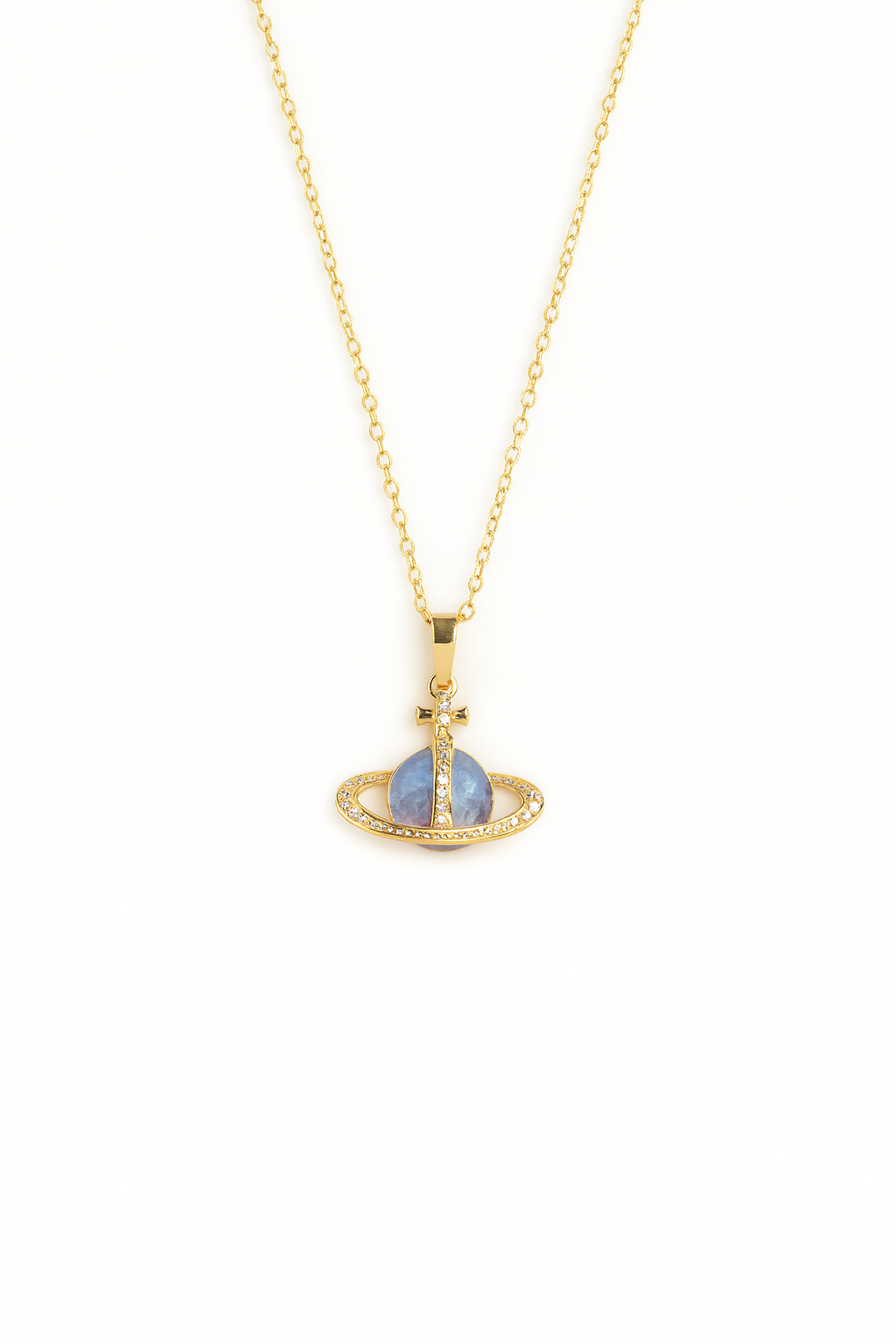 Colgante de cadena fina de acero inoxidable en color dorado con charm de planeta con cristal iridiscente. Ajustable.
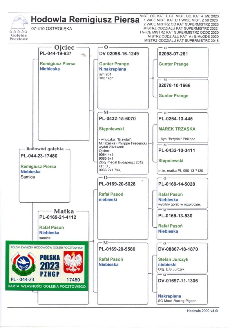 Oryginalny gołąb z hodowli Remigiusza Piersy . Szczegóły pochodzenia w rodowodzie. Dostawa gołębi będzie realizowana po zakończeniu aukcji kurierem lub odbiór osobisty. Więcej informacji pod nr tel.: 693334762
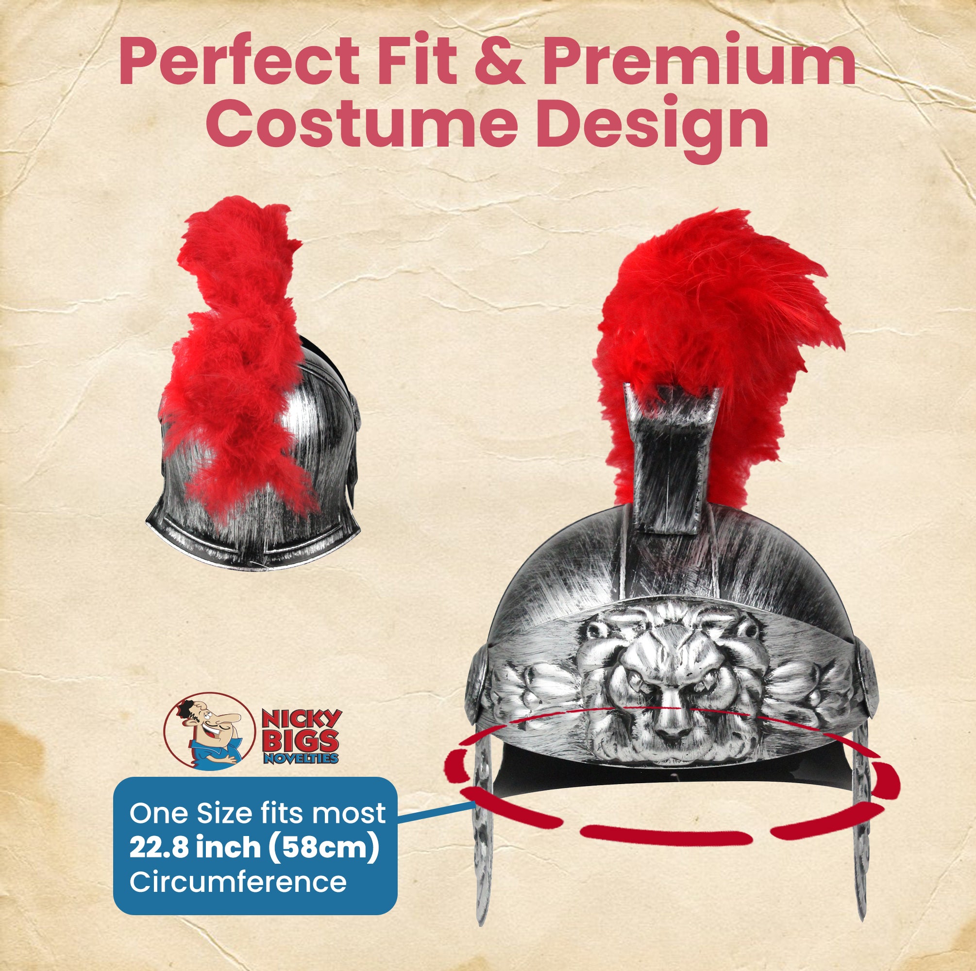 - COMFORTABLE ADULT FIT: Sized at 58cm or 22.8 inches in circumference or 7-1/4 hat size medium/large. Designed to fit most adults and teens aged 14 and up, this roman warrior costume men helmet offers a snug, comfortable fit thats ideal for extended wear at events and parties. Lightweight and secure gladiator accessories costume, it allows for a worry-free costume experience. Please note, this is a roman soldiers costume accessory and not a protective device.
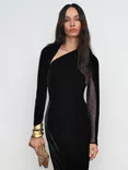 Reiss Petite Kass Sheer Panel Velvet Midi Dress, Black
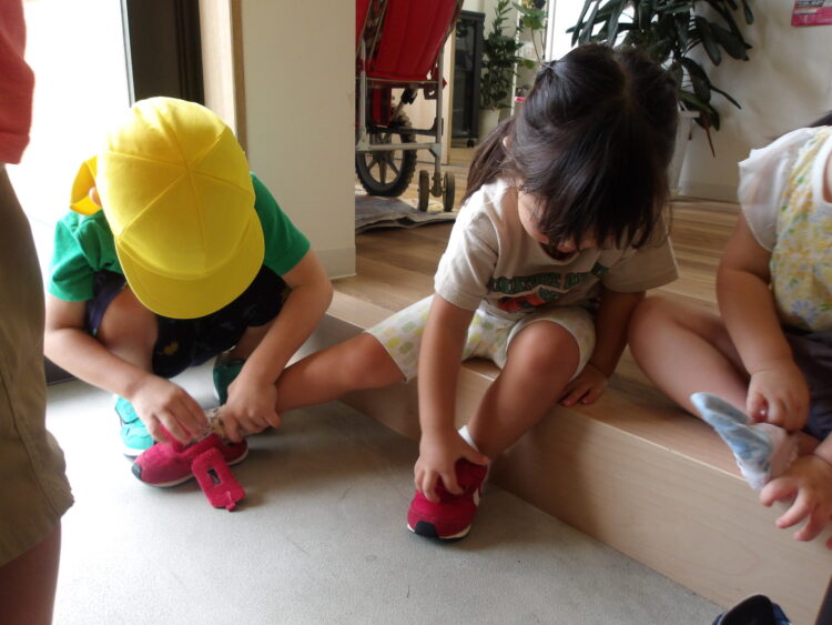 うさぎ組も靴を履いて出発!自分でできるかな?
■ ■ ■ ■ ■
▶ [TASK DESCRIPTION]: Repeat the line containing "Oryginalny gołąb z" and every line after it up to the end of the material above, exactly as they stand, minus the pictures.

▶ [ANSWER BELOW]:
 Oryginalny gołąb z hodowli Remigiusza Piersy . Szczegóły pochodzenia w rodowodzie. Dostawa gołębi będzie realizowana po zakończeniu aukcji kurierem lub odbiór osobisty. Więcej informacji pod nr tel.: 693334762
 - COMFORTABLE ADULT FIT: Sized at 58cm or 22.8 inches in circumference or 7-1/4 hat size medium/large. Designed to fit most adults and teens aged 14 and up, this roman warrior costume men helmet offers a snug, comfortable fit thats ideal for extended wear at events and parties. Lightweight and secure gladiator accessories costume, it allows for a worry-free costume experience. Please note, this is a roman soldiers costume accessory and not a protective device.
 Reiss Petite Kass Sheer Panel Velvet Midi Dress, Black
 うさぎ組も靴を履いて出発!自分でできるかな?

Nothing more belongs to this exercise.